Hic [now] Sunt Dracones

dracones

Illustrated maiden and dragon myths were popular in the 19th century as a way to allow gentlemen to look at pictures of naked and bound women, while maintain the illusion that this was not pathological, as such activities were generally thought of those days. This so-called male gaze has been trivialized since then not in the least by the rise of a female gaze that now claims it’s turn “on top,” perhaps even in a non-gendered, more business-like way. Recent retellings of these stories are usually revisionist in that in them maidens rescue heroes and join forces with dragons to defeat a common foe.

The maiden in the myth of old is usually no more than an object to be possessed and the dragon another object preventing that. These days both maiden and dragon are being for themselves, they have intentions as much as the hero does. And if their gazes meet his, he becomes aware that they have intentions, which makes it difficult for him to engage them as objects.

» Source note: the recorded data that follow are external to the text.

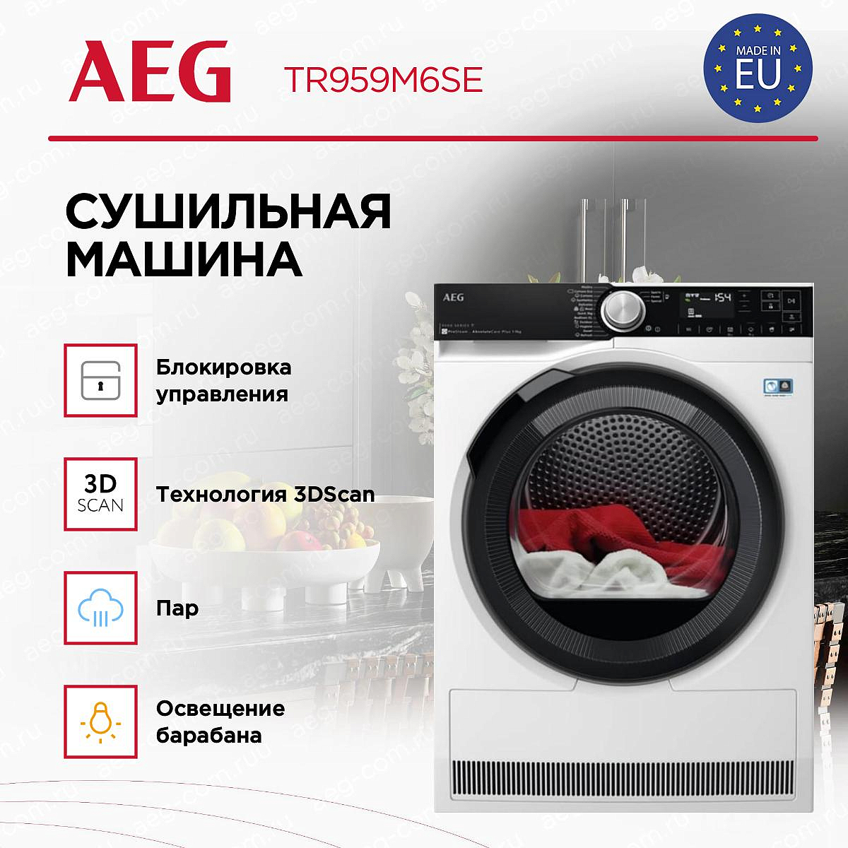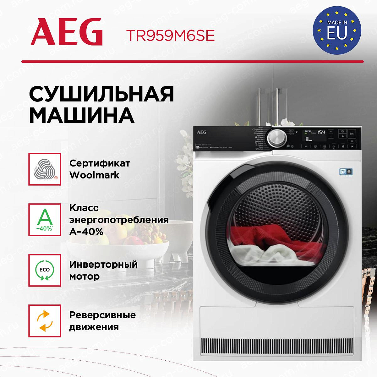 Сушильная машина AEG TR959M6SE серии 9000 представляет собой технологичное и энергоэффективное решение для домашнего использования. Вместительный барабан специальной конструкции бережно обрабатывает вещи, а технология теплового насоса обеспечивает низкие температуры сушки, что продлевает жизнь тканям и предотвращает усадку. Удобное управление, наличие подсветки и нейтральный дизайн делают эксплуатацию комфортной, а регулярный уход сводится к своевременной очистке фильтра и опорожнению контейнера для конденсата. Низкий уровень шума и минимальная вибрация позволяют разместить прибор практически в любом помещении, не опасаясь дискомфорта. Приобрести эту модель с официальной гарантией можно в нашем магазине, который является авторизованным партнёром бренда.
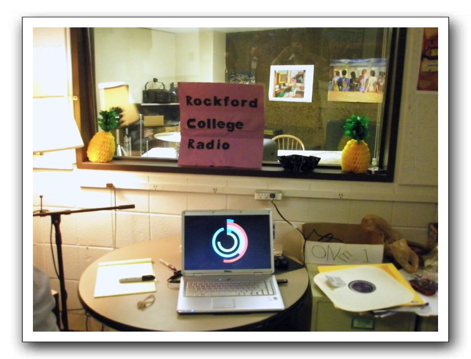 This picture is looking from the control room toward Studio A. The round table below the window, where the Old School Radio Show producer set up her laptop for the afternoon, marks the spot where the main console used to be when WRCR was in this space. It's also the same spot where WRCR alumni posed for a group photo six years ago as we toured the space, then in use for offices.
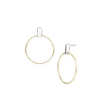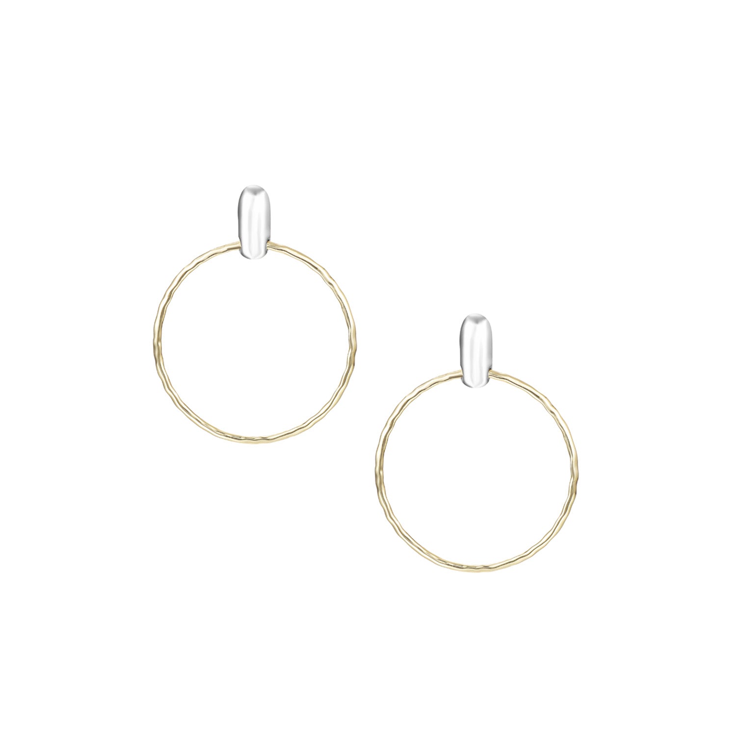 A fresh take on a classic, our these earrings feature a two-tone design that blends modern silver with warm gold tones. The lightly hammered gold hoop creates soft shimmer with every movement, while the polished silver top adds an effortlessly refined contrast.
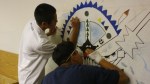 One student discovered that his mural “was not working.” He had created a rough sketch and thought the mural would take better shape on the wall. Joan was delighted to hear him admit that the mural was not working.
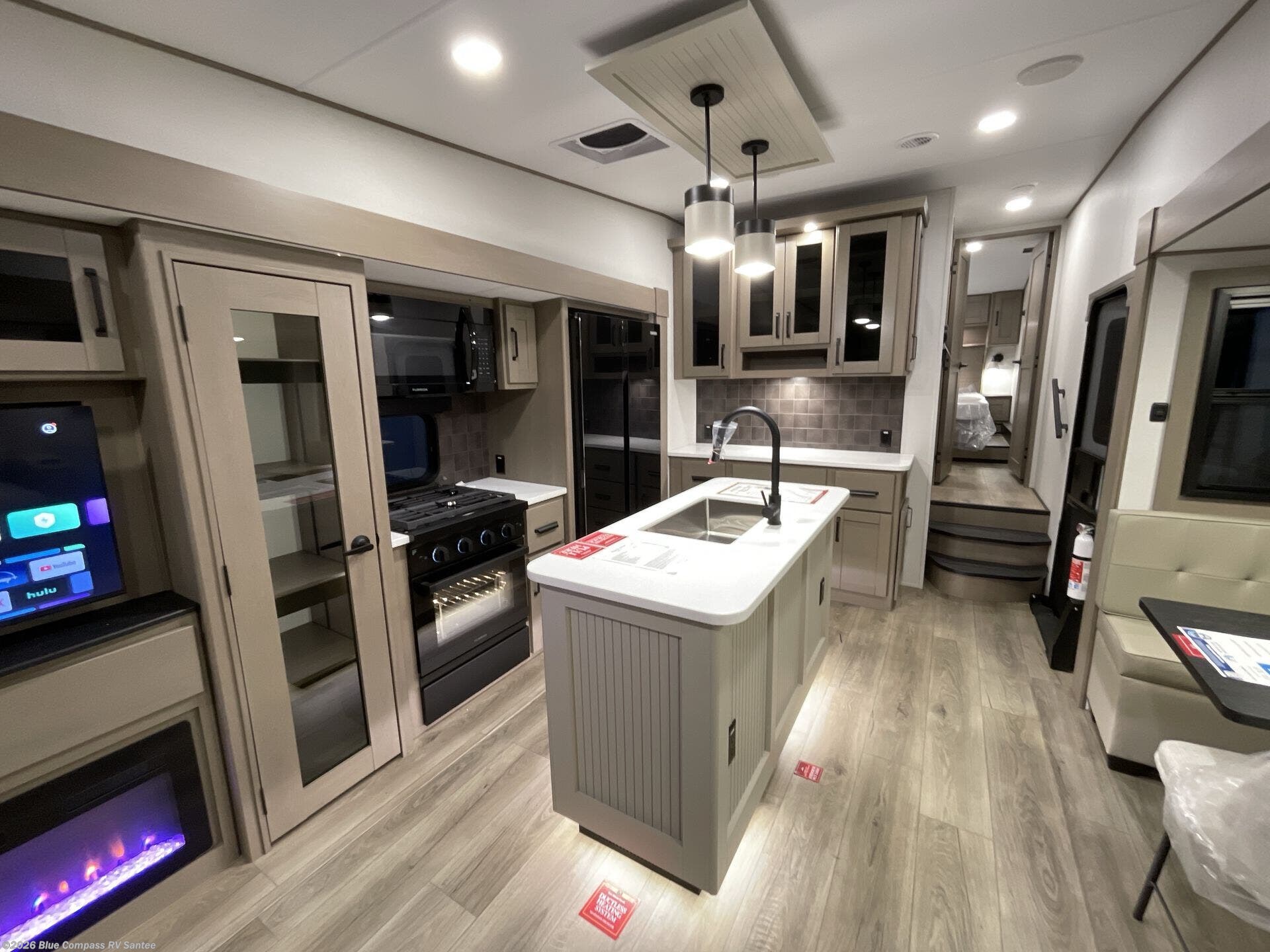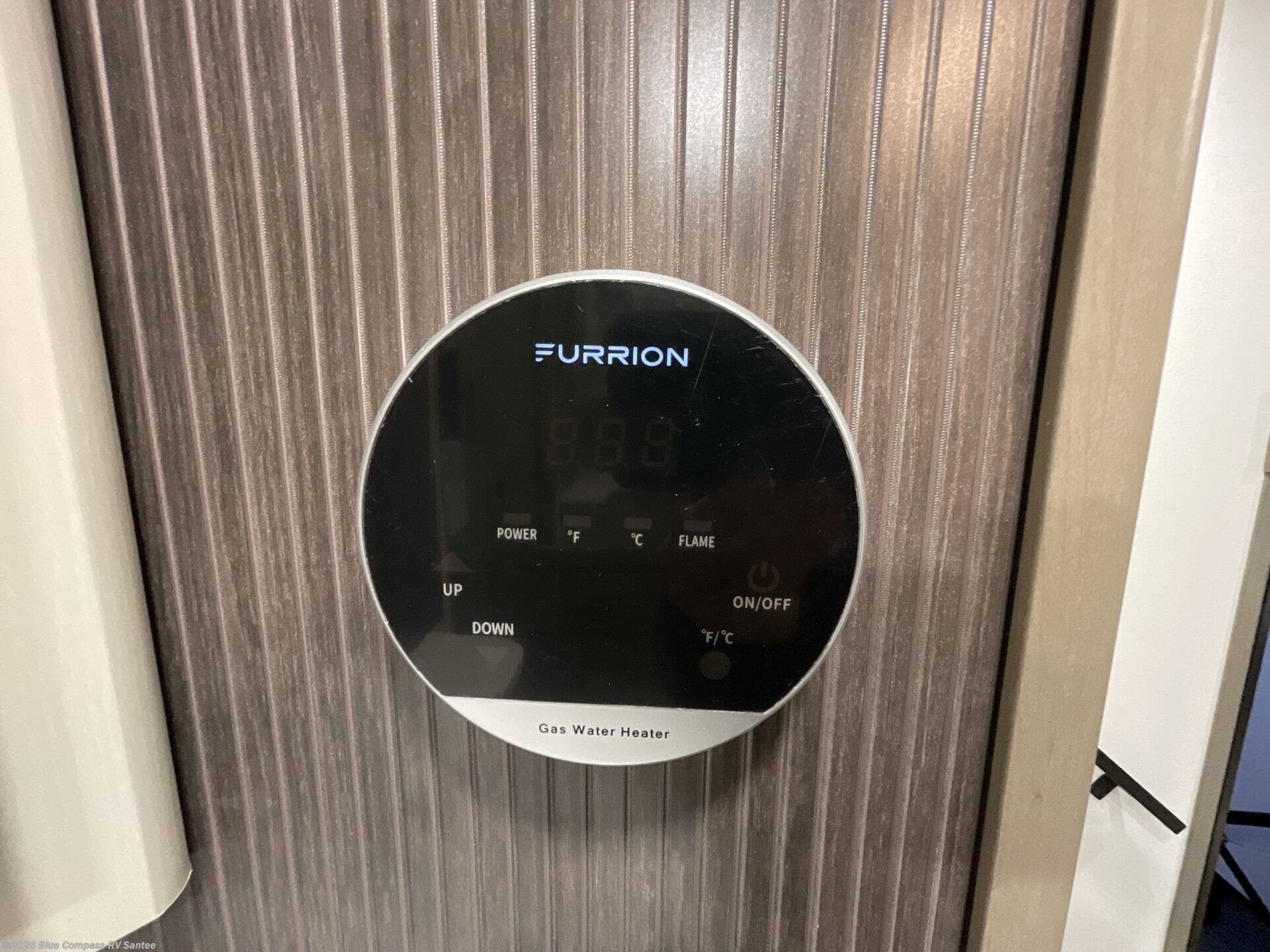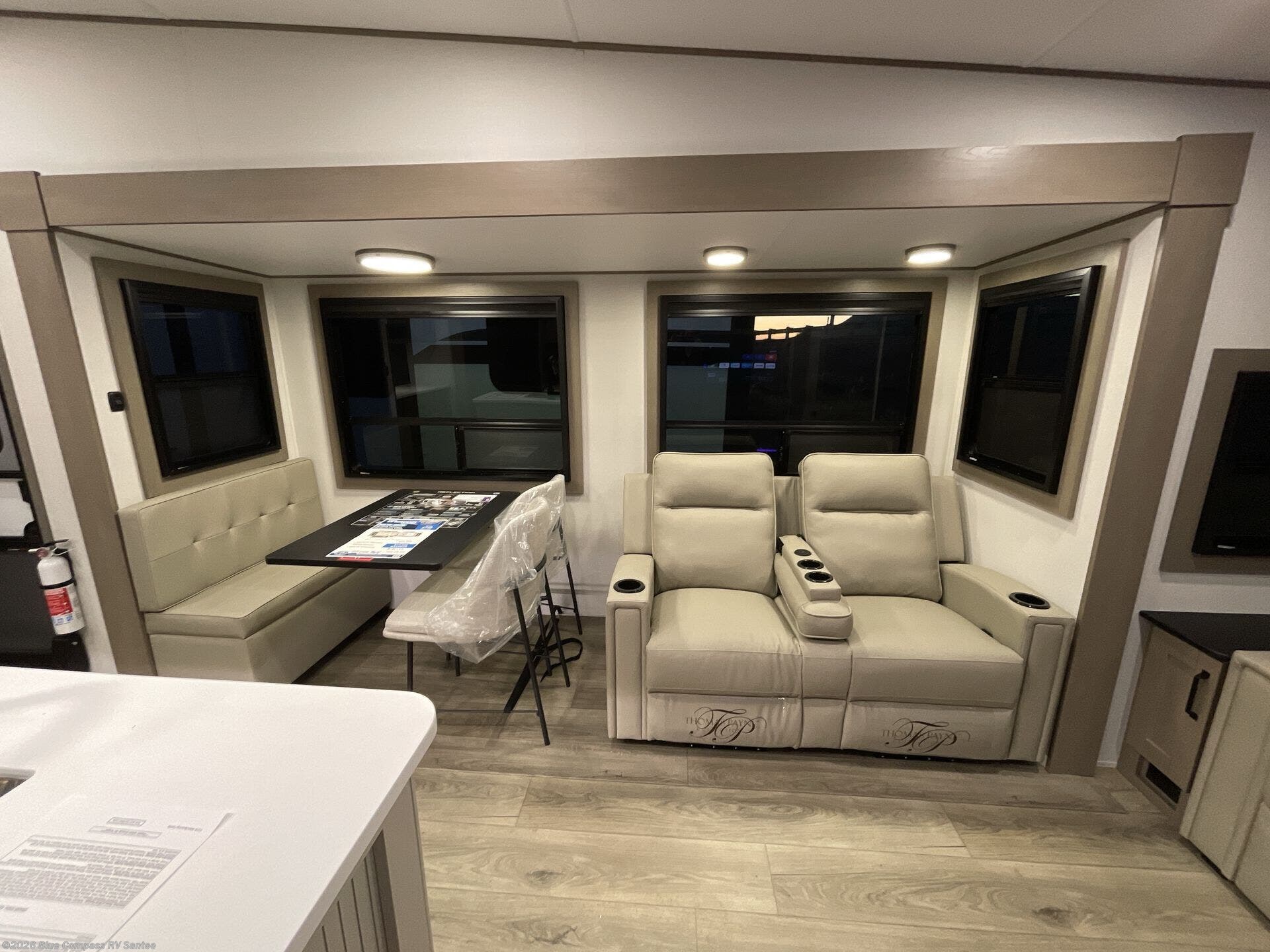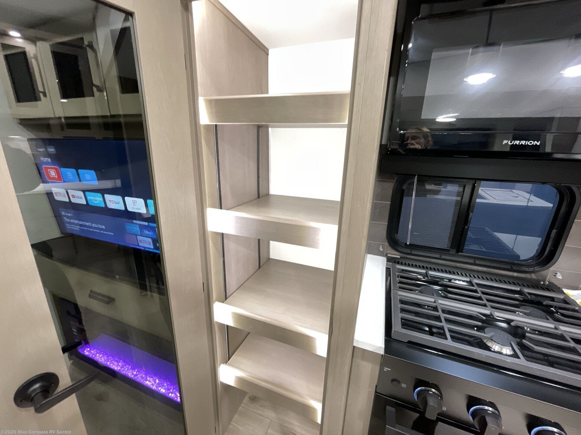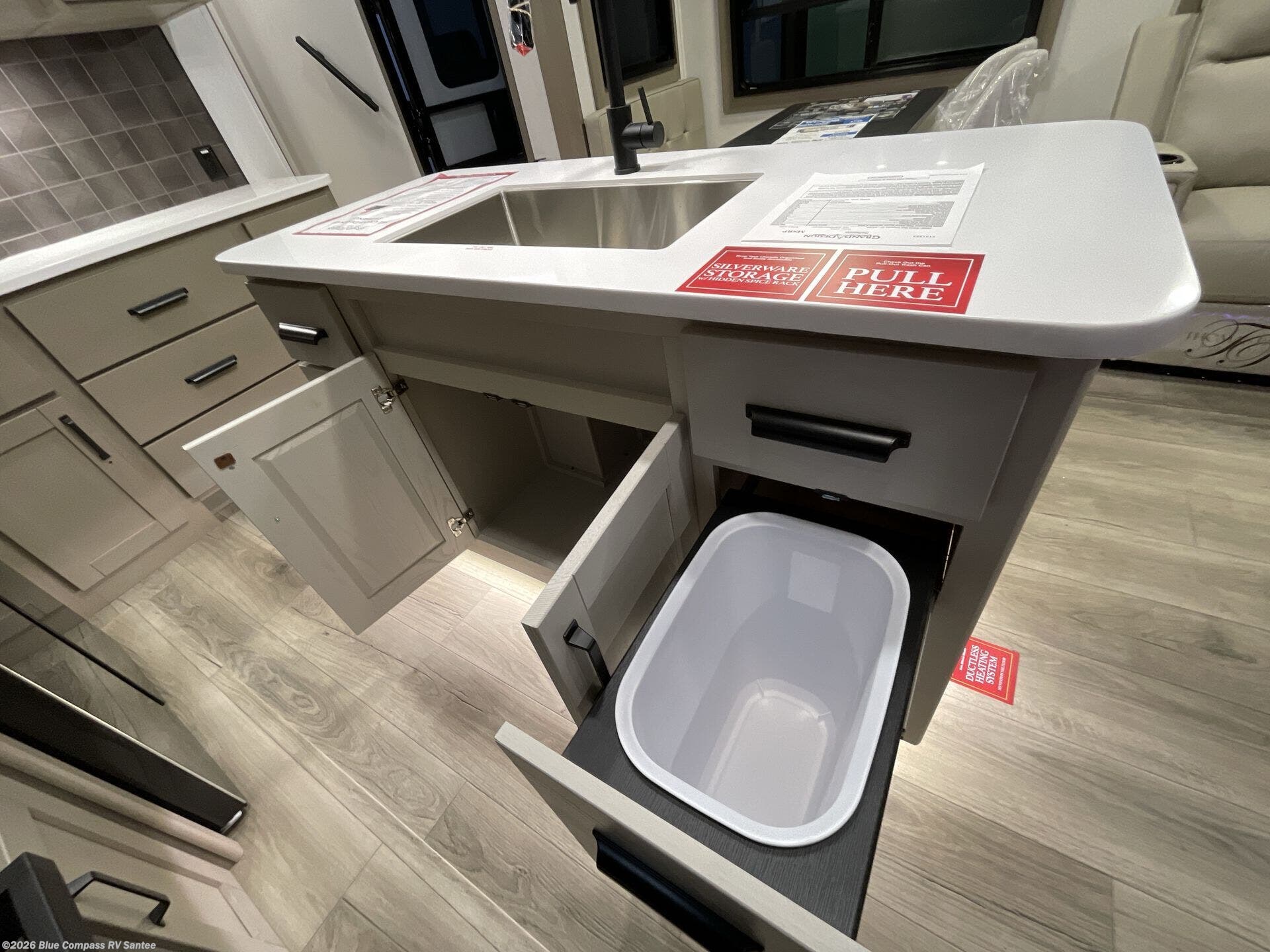 Whether you travel for pleasure or work, you will love the spacious main living and kitchen area with a rear tri-fold sofa that doubles as extra sleeping space, and the theater seating directly across from the entertainment center with a 40" LED HDTV and a fireplace below. The kitchen island will make meal prepping and drying the dishes easier and the hutch is the perfect place to place your picture frames, nice dishes, and extra cooking items. There is even a pantry that is big enough to store all of your favorite snacks, dry ingredients and such. Outside you can enjoy two electric awnings that provide protection from the elements as you relax and visit with other RVers, and your camping chairs can easily be stored in the pass-through compartment. The double entry bathroom is convenient especially at night when you can slide the door to enter from the front master bedroom. You will find plenty of storage for your clothing and gear, plus the bedroom slide out gives you drawers and linen storage that stretches into the full bathroom.

Difficult but not impossible; one can objectify a subject by invoking an existing social difference like a boss does to an employee, or a new physical one like voyeur does with a photograph. But a hero is neither boss nor voyeur.

And these days the maiden and the dragon don’t need a hero anymore, and a hero’s no hero without them. Dragon and maiden, as shown here, now gaze at each other; they plot merged operations. They say “In these difficult…times,” “regrettably” layoffs were necessary to “move forward.” The position “hero” was eliminated.